Aug 13, 2007 11:22
of course "i" wrote this - there are those individuals simple-minded enough to dismiss entirely the concept of the "death of the author" with seemingly witty one-liners such as "well such and such collected royalties on their book, didn't they?"; or "why did they even bother copyrighting the material if they believed such utter nonsense?". what strikes me is these individuals have perhaps read the title of barthes' essay, but decided immediately after the title to stop reading - perhaps staggered with such arrogant and brash criticisms as the aforementioned. but of course, barthes was not merely opting for something compelling and controversial to write - there is certainly method in the madness.
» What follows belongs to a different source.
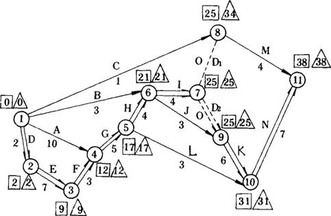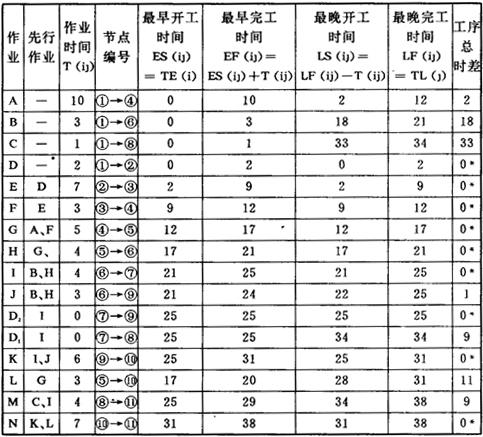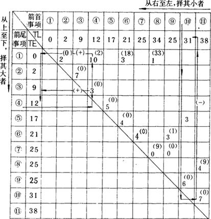 释义 | 网络图关键线路计算法 网络图中,完成各道工序需要时间最长的路,称关键线路,它是网络计划中的主要矛盾线,决定著工程的完工期。 在网络图上,我们可以通过找到工序总时差为零的工序即关键工序,由关键工序组成的线路得到关键线路。 关键线路的计算方法有三种: 方法一:图算法 在网络图上,计算出每个节点的最早开始时间(TE)及最晚完成时间(TL),然后比较同一节点的最早开始时间与最晚完成时间,其差为零者即为关键节点,从头至尾与关键节点相连的工序即为关键工序,由此组成关键线路。 步骤: (1)从左至右计算每一节点的最早开始时间。根据节点编号从小至大,顺序计算,并标在节点上方,用方框圈起来。 计算方法:定始点TE(i)=0 按公式TE(j)=max{TE(i)+T(ij)}推算。 (2)计算节点最晚完成时间,待图中全部节点最早开始时间计算完毕后,在图中从右至左,按节点编号从大至小,逆序计算,并标在节点上方,用三角框圈起来。 计算方法:定终点TL(n)=TE(n) 按公式: (3)计算节点(事项)时差,确定关键节点及关键工序,并用双线在图中标出关键线路。 计算方法:按TE(i)-TL(i)或TE(j)-TL(j)计算,为零者即为关键节点。实际上可采用观察法,节点上方“□”内数字与“Δ”内数字相同的节点,即为关键节点。 例,用图算法求下述网络关键线路及完工周期。 单位:天 关键线路: 即:D→E→F→G→H→I→K→N 完工周期:38天。 方法二:表算法 设计表格,在表上填写各道工序及其作业时间,按照计算工序参数ES(ij),EF(ij),LS(ij),LF(ij)及ZC(ij)的顺序,根据计算各项时间参数的公式,在表格上逐道工序进行计算。首先计算ES(ij)和EF(ij),在表中由始点开始,按从上至下的顺序逐个工序进行。 然后计算LS(ij)与LF(ij),在表中由终点开始,由下至上逐个工序进行计算。然后根据上述参数,计算各道工序的总时差zC(ij),由总时差为零的工序构成关键线路。 例:用表算法解图算法网络例题。 从表上由工序总时差为零的工序(表中标*者),可得到关键线路: D→E→F→G→H→I→K→N 完工期38天。 方法三:矩阵算法 矩阵法是将网络图反映的各工序间的关系,用一张矩阵表表示出来,以计算事项的时间参数来寻找关键线路的。 (1)制作矩阵表。 作一张与网络图中节点数目相同的方形矩阵表,在横行与竖列上分别从上至下、从左至右按顺序写上事项编号。 并以行为箭尾事项,列为箭首事项(矩阵表中i行与j列交叉元素,即表示工序i→j),顺序把各工序作业时间填入相应格内。并在矩阵表中另加一行,另加一列(行加在矩阵表上方,列加在矩阵表左边),用于填写计算出的事项最迟完成时间与最早开始时间。 (2)从上至下逐个计算事项最早开始时间。 其方法是:首先规定TE(1)=0。计算某行TE时,找到与这一行数相同的列元素,将该列中有数字格中的数字与对应行的TE值相加,择其大者即为所求行对应事项TE值。 (3)TE列全部计算完毕后,然后计算事项最晚完成时间(即TL行数值),计算顺序从右至左逐个进行。其方法是:规定最末TL(n)=TE(n),即将表中TE列最下方数字填入TL列最右边格内。 计算某列TL时,找到与这一列数相同的行元素,将该行中有数字格中的数字用对应列的TL值减掉,择其小者,即为所求列对应事项的TL值。 (4)从表上读出关键线路,在矩阵表中TE值与TL值相等的节点,即为关键节点,其交叉元素即为关键工序。 另外,从矩阵表上还可直接计算出各工序总时差。其方法是:将矩阵表中有数字格所在列对应的TL值,减去所在行对应的TE值,再减去该元素值,即为该工序总时差,可填在该格用“()”括起。 例:用矩阵算法解图算法例题。 由表中读出关键线路: 即D→E→F→G→H→I→K→N 完工周期:38天。 |

the "death" is not a sudden coming about, it is not an announcement, or some post-structuralist proclamation. indeed, it is what has always been - whether the bible, marx, margaret atwood - authorship anuls itself the moment it is opened up beyond the singularity of the author. the moment this singularity is ruptured, the moment some other lays its mind on the work at hand, the author is betrayed. of course what one is referring to in this instance of death is authorial intent. can the author ensure the sanctity of their thoughts when it is the reader who must come halfway to meet the author for any sense, meaning to be reckoned (if one is to assume that the work, that is, the text proper is even half the work - does the reader not have to come full length in contemplation to unearth what "truths" the author silently purports to demonstrate?). the author dies a metaphysical death - insofar as the author is the purveyor and guardian of the Truth of the text s(he) has, without doubt, weaved and sewn together.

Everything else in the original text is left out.